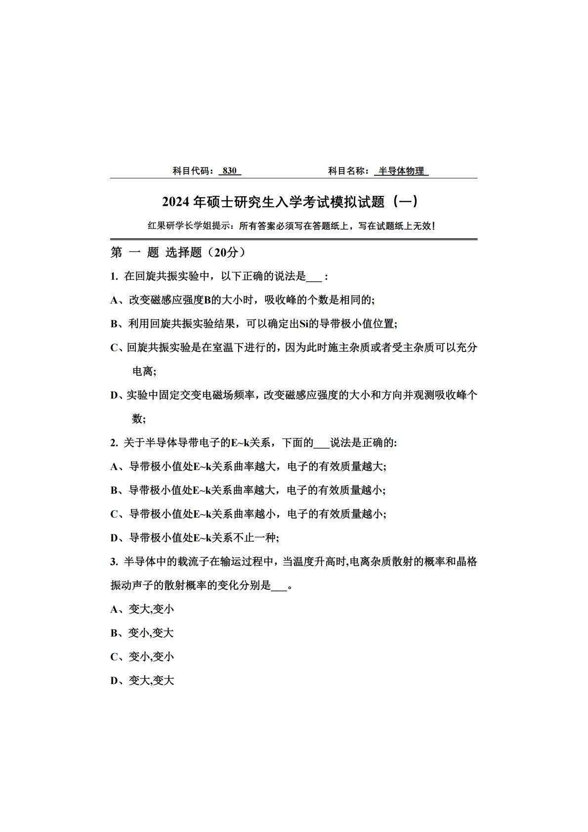 山东大学830半导体物理2024模拟题_
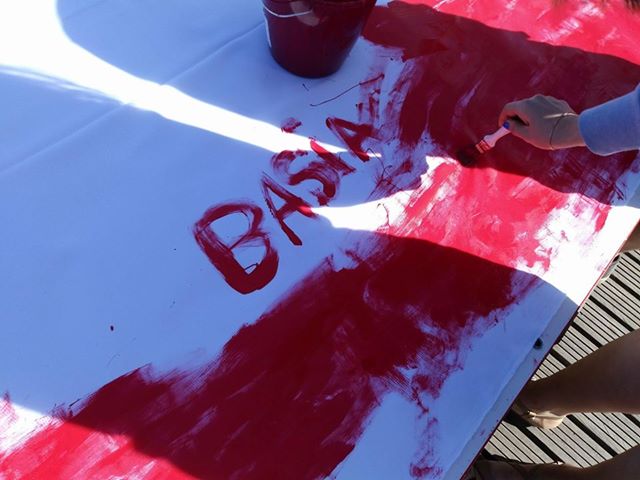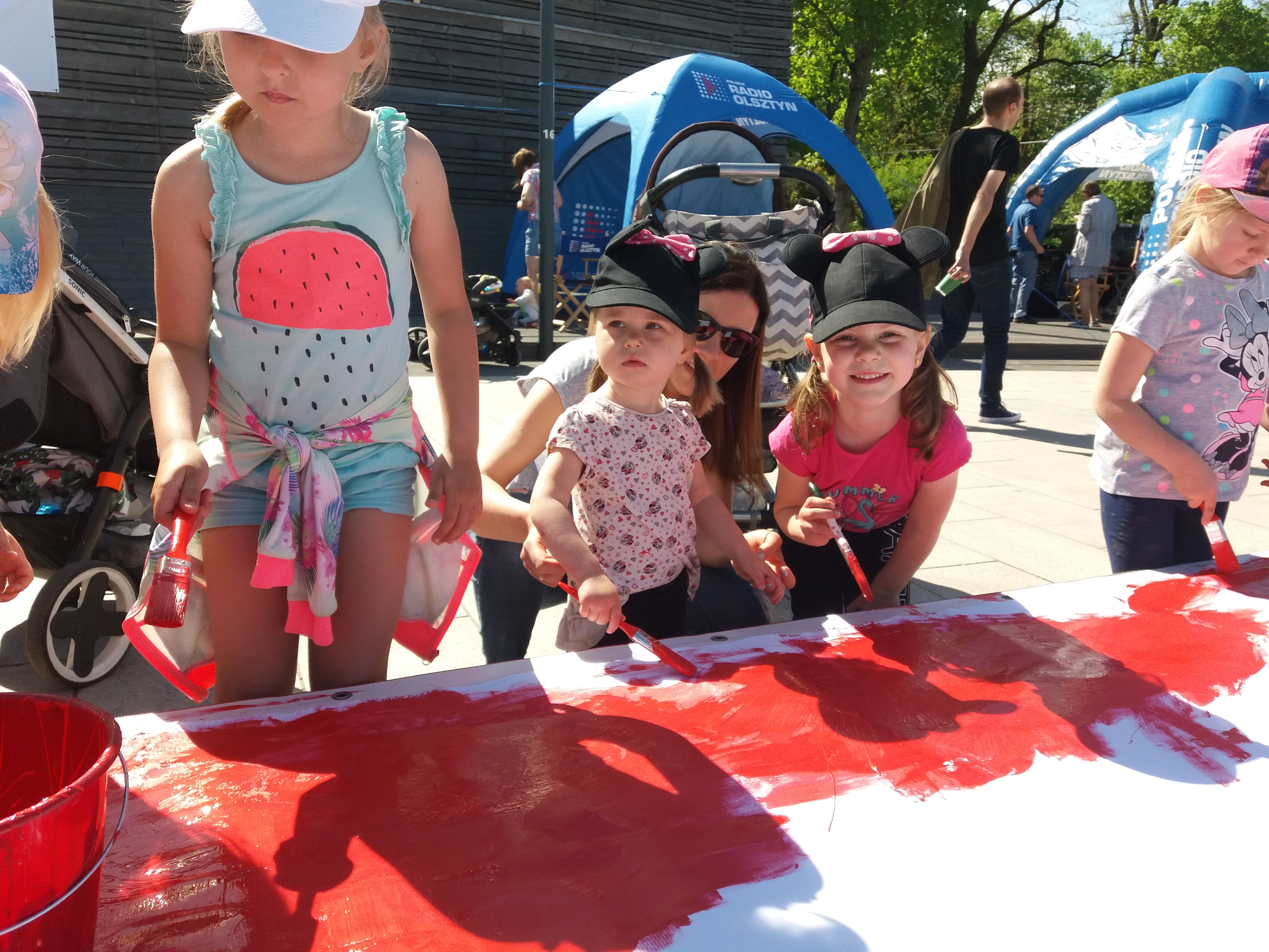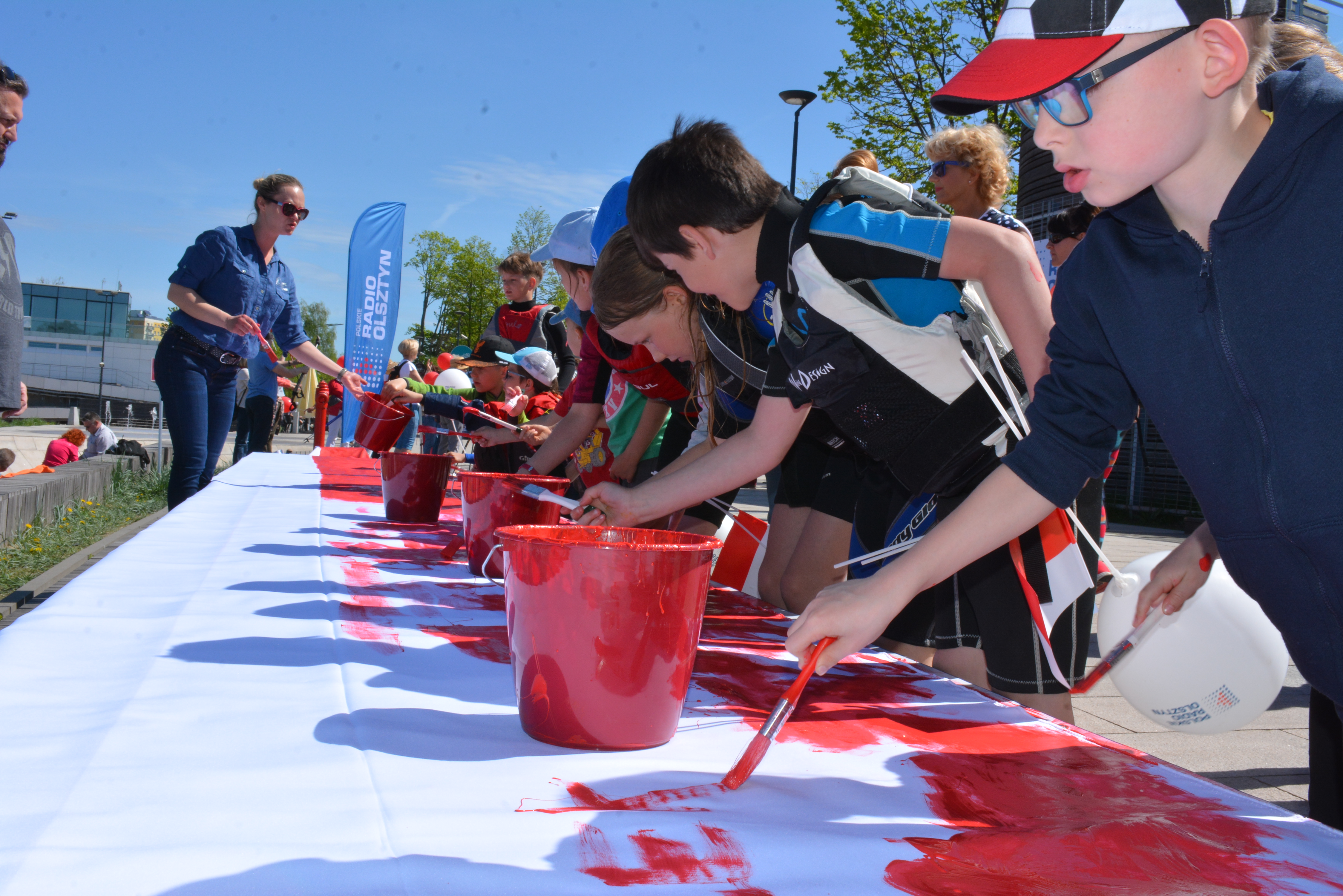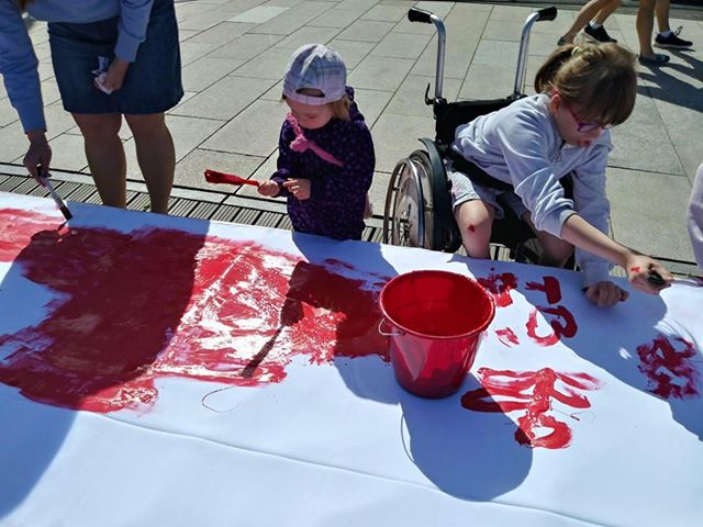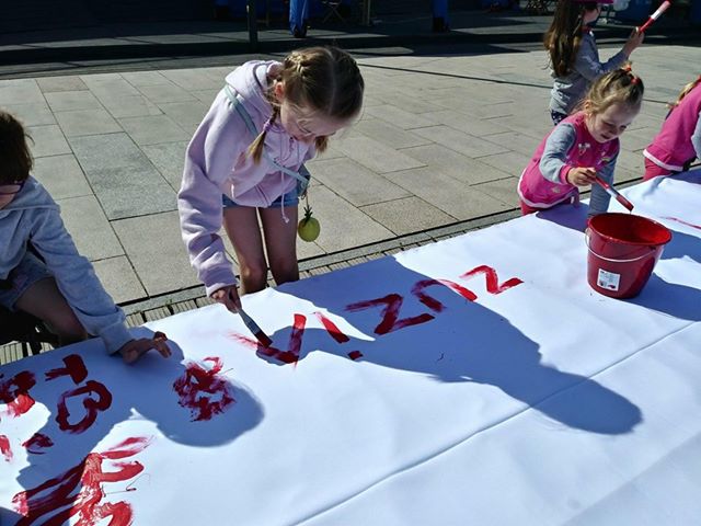 Razem ze słuchaczami pomalowaliśmy flagę o długości 20 metrów. Na plażę miejską, gdzie rozstawiliśmy sprzęt do pracy przyjechały całe rodziny. Wspólnemu malowaniu towarzyszyło biesiadowanie przy grillu.
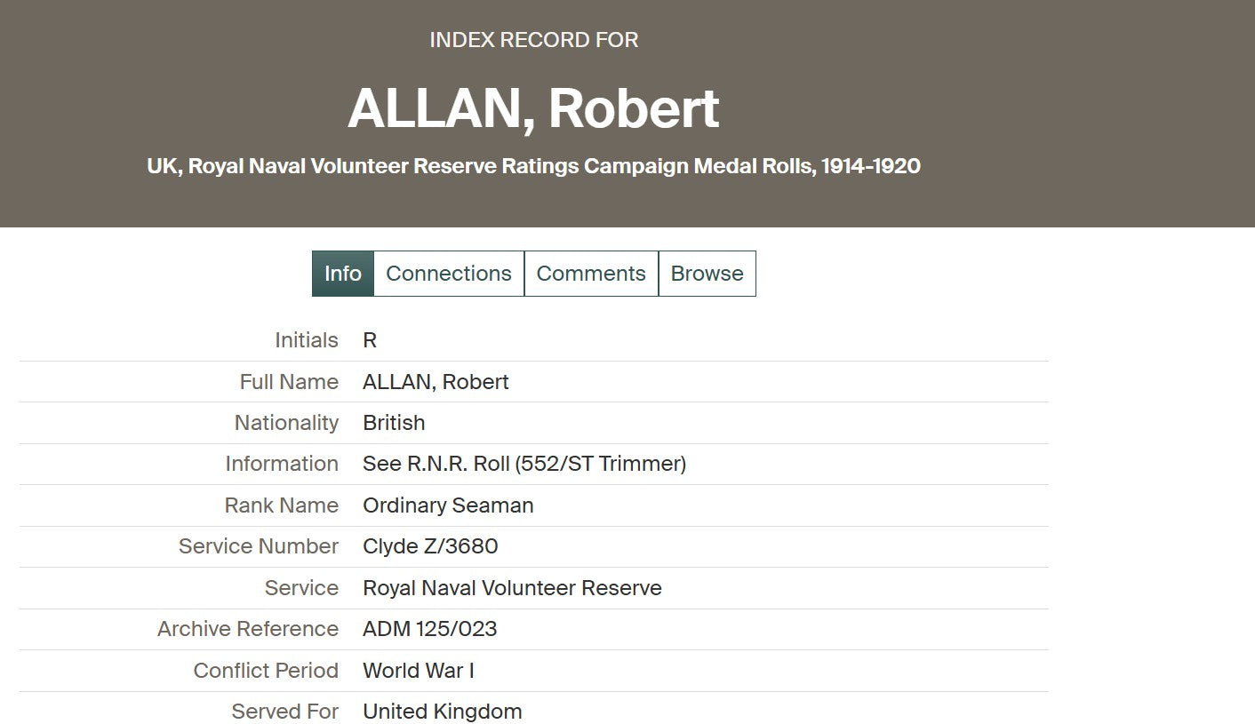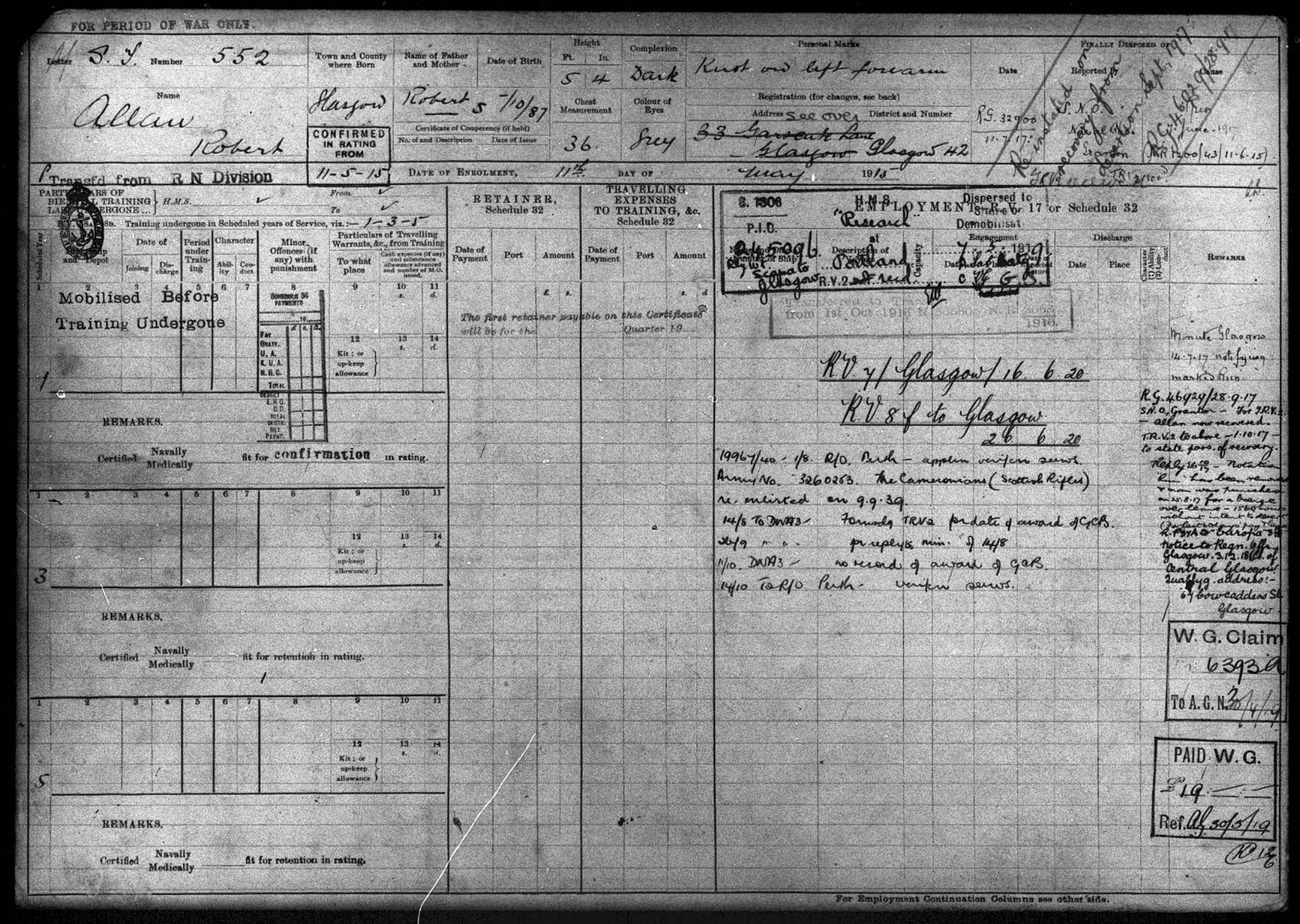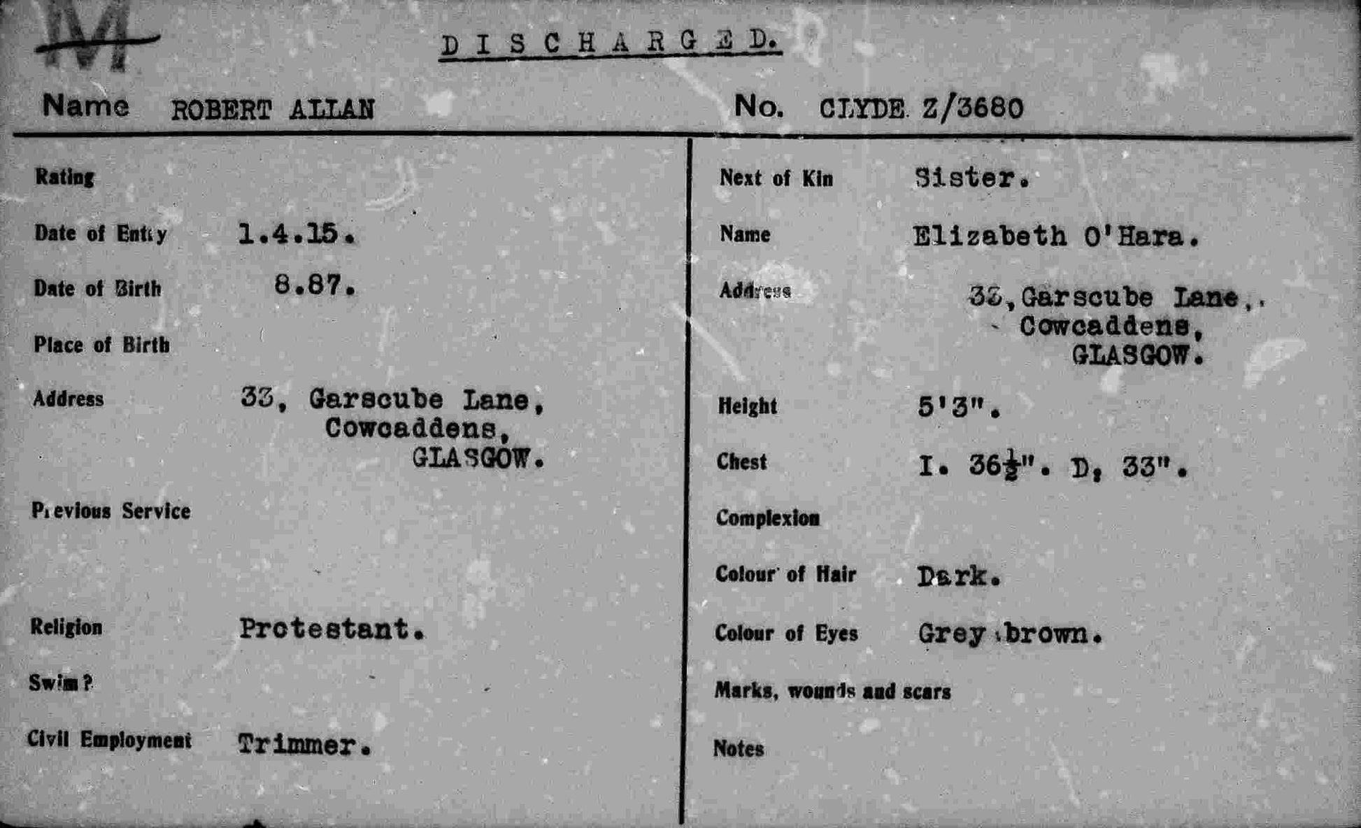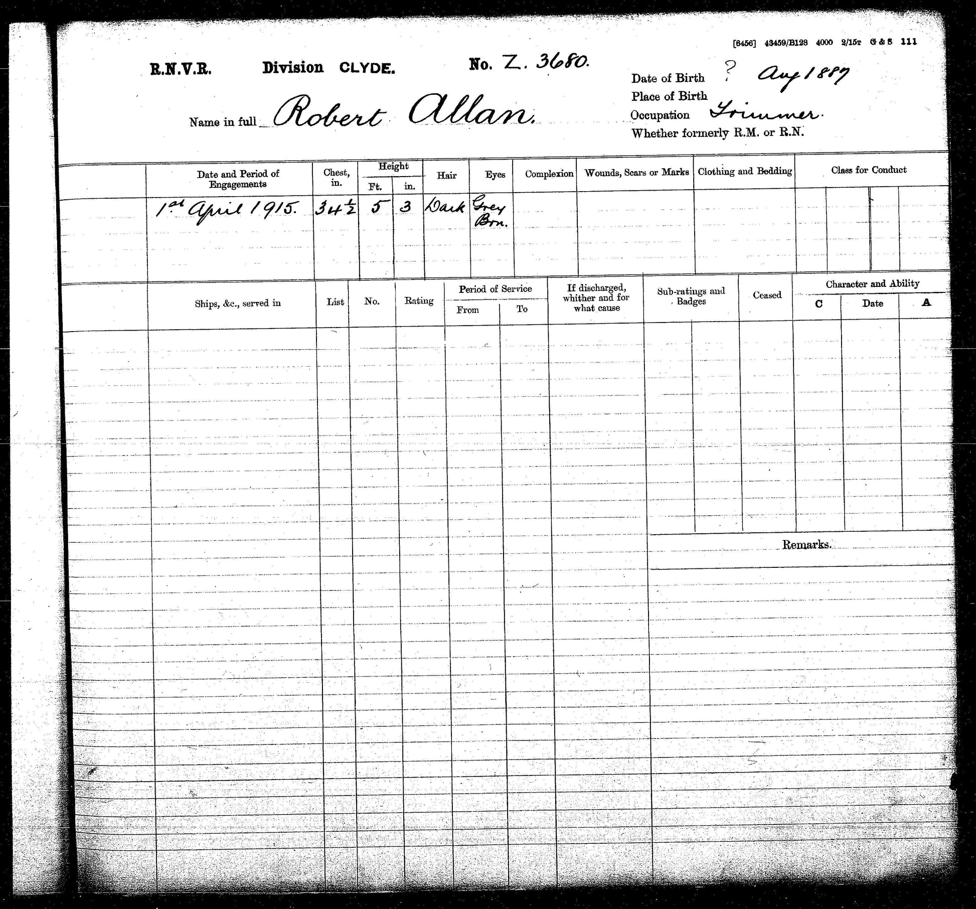Allan entered wartime service with the Royal Naval Volunteer Reserve, enrolling on 11 May 1915, and was rated Ordinary Seaman, serving under the service number Clyde Z/3680. His civilian occupation is recorded as Trimmer, a role closely associated with coal-fired steamships and one which translated directly into naval service during the war. His physical description notes a height of 5 ft 4 in, with dark hair and grey eyes, and he was medically assessed as fit for active service.

INSTRUCTIONS FOR THE TASK: No picture belongs in the copy; return the rest of the listing exactly.

SOLUTION TO THIS EXERCISE:
 山东大学830半导体物理2024模拟题_
 Razem ze słuchaczami pomalowaliśmy flagę o długości 20 metrów. Na plażę miejską, gdzie rozstawiliśmy sprzęt do pracy przyjechały całe rodziny. Wspólnemu malowaniu towarzyszyło biesiadowanie przy grillu.
Allan entered wartime service with the Royal Naval Volunteer Reserve, enrolling on 11 May 1915, and was rated Ordinary Seaman, serving under the service number Clyde Z/3680. His civilian occupation is recorded as Trimmer, a role closely associated with coal-fired steamships and one which translated directly into naval service during the war. His physical description notes a height of 5 ft 4 in, with dark hair and grey eyes, and he was medically assessed as fit for active service.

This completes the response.